For each company name, several versions of it are available. df is an example:
df = pd.DataFrame({'id':['a','b','c','d','e','f'],'company name':['name1', ' Name1 LTD', 'name1, ltd.','name 1 LT.D.',' name2 p.p.c', 'name2 ppc.']})
I was wondering if there is a simple way to find similar names and assign a unique id to them? For the example above, I would like to get something like:
dg = pd.DataFrame({'id':['a','a','a','a','e','e'],'company name':['name1', ' Name1 LTD', 'name1, ltd.','name 1 LT.D.',' name2 p.p.c', 'name2 ppc.']})
Thanks,
Upvotes: 1
Views: 2652
Reputation: 854
I feel your problem, like any programming problem, needs to be broken down into smaller pieces. I will break this down step by step as I understood it, AND as I would approach it.
Step 1. Clean(make uniform) your company name
values.
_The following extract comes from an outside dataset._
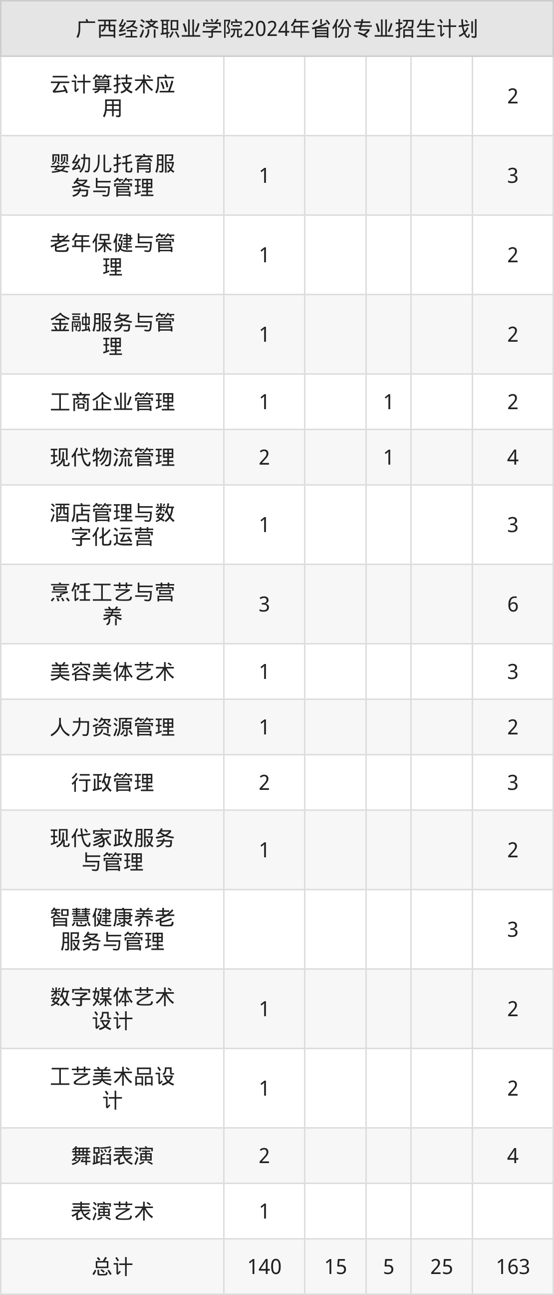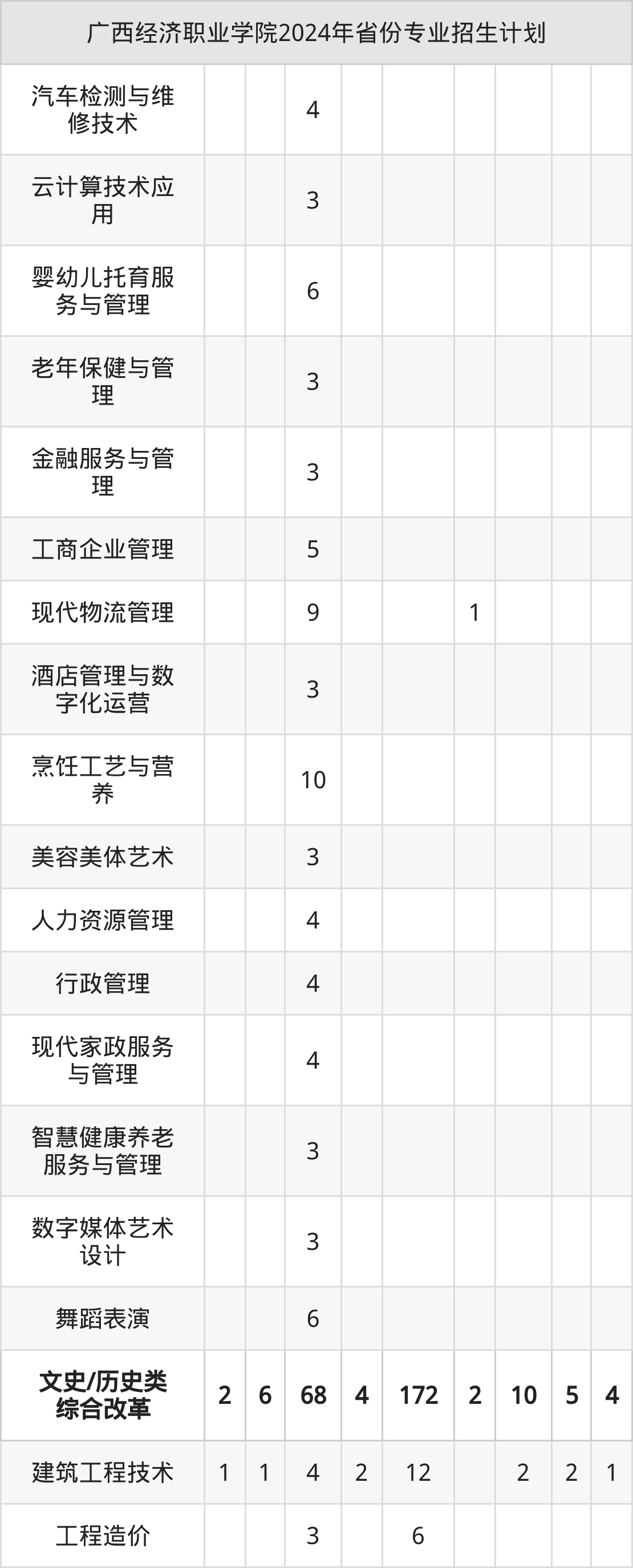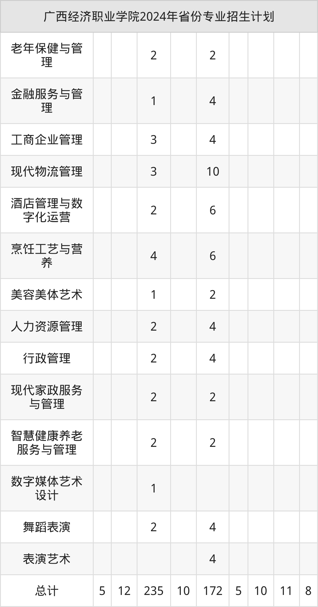 2025年广西经济职业学院专科招生计划待公布,下面附上2024年数据,暂供参考:

Here is a good article on data
cleansing and why it
is important.
Step 2. Map your id
based on unique company names(this step is easy once step 1 is done)
import pandas as pd
df = pd.DataFrame({'id':['a','b','c','d','e','f'],'company_name':['na,me1', ' Name1 LTD', 'name1, ltd.','name 1 LT.D.',' name2 p.p.c', 'name2 ppc.']})
Step 1.
Clean it by using extract
with regex
keep in mind that below regex
only captures the small sample you provided and you may need to design the pattern to work with your full dataset
df['new_company_name'] = (df['company_name']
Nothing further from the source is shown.